For a more immersive and interactive cultural experience in Nha Trang, check out the Truong Son Craft Village, a large compound with several pavilions and gardens that showcase local traditional crafts. In the music hall guests are to a live musical performance featuring some traditional and classic instruments, many of which are made from bamboo and wood.
Adjacent to the show area is a space displaying other traditional instruments. It is interesting to note that the guitar is a big part of Vietnamese music culture, most likely introduced by the French.
In a separate pavilion, you can find numerous artisans working on their projects. The guitar-maker was there on the day we visited, expertly piecing together a new guitar. There were also “sand painters”, folks who create beautiful art in jars and containers using coloured sand.
There were a few fishing net weavers too, as well as rattan weavers, who make chairs and the iconic Vietnamese conical hats that are still worn daily, usually by those who work in the fields, and fishermen. Being a coastal city, fishery in Nha Trang and Cam Ranh are important industries.
The village has a garden filled with sunflowers and other colourful flowers that you can walk through to look for sculptures and statues of the 12 Chinese zodiac characters. These are either made from stone, marble or rattan.

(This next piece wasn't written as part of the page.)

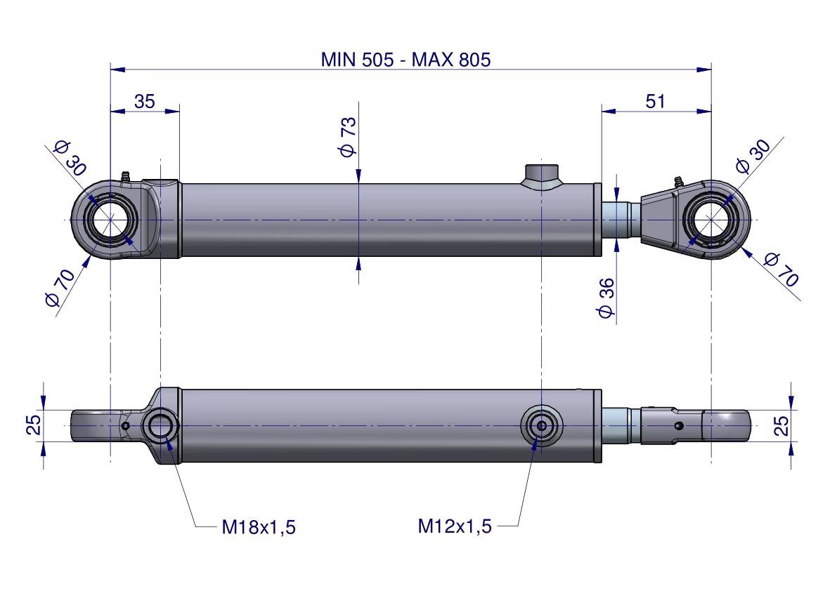 Cylinder hydrauliczny – siłownik dwustronny pomocniczy podnośnika (SMT2CJ.63.36.300; 89409402) C-385 6-cyl. Waryński

Look out for the 10 “record- breaking” unique artworks produced by the artisans at Truong Son that are officially recognised by the Vietnam Records Association. Some of the artworks include two large-sized sand paintings, a collection of four double-sided maps of Vietnam made from snail shells, rattan seeds, coconuts and gourds, and the Ngoc Lu bronze drum.
Nguyen tells us that you may also be able to try some local cuisine at the village, but you would probably need to ask your tour guide to arrange for that separately.
To end your cultural tour of Nha Trang, fill your belly with some authentic Vietnamese cuisine at Nha Trang Xua. It is located in a villa in a more rustic part of the city, surrounded by a padi field and a lotus pond. The restaurant has a showroom of sorts that displays what a typical Vietnamese household in the village used to look like back in the day, complete with old furniture, dinnerware and more.
“This is not a ‘tourist-only’ restaurant; many locals come here to celebrate special occasions,” Nguyen says, pointing to other tables filled with local diners.
If you’re looking to try more local dishes but don’t really want to venture out of your hotel, just dine in. At Alma’s international breakfast spot, for example, a variety of local dishes are available each day. It was pretty surprising to find a Vietnamese pork leg stew as a breakfast item, but hey, as the saying goes, when in Rome, do as the locals do!
How to get there: AirAsia is the only local airline that flies (direct) to Cam Ranh from Kuala Lumpur, with Vietnam Airlines as your only other option. However, Vietnam Airlines has at least one stopover, most likely in Ho Chi Minh City.
Best time to visit: Cam Ranh enjoys moderate weather year-round, but the best time would be during the dry season from January to August. If that’s too warm for you, then you can also visit during the off-peak seasons, where there are some chances of rainfall.
Where to stay: Stay in Cam Ranh, where five-star properties like Alma Resort are aplenty, or head to Nha Trang where there are more options to fit all budgets.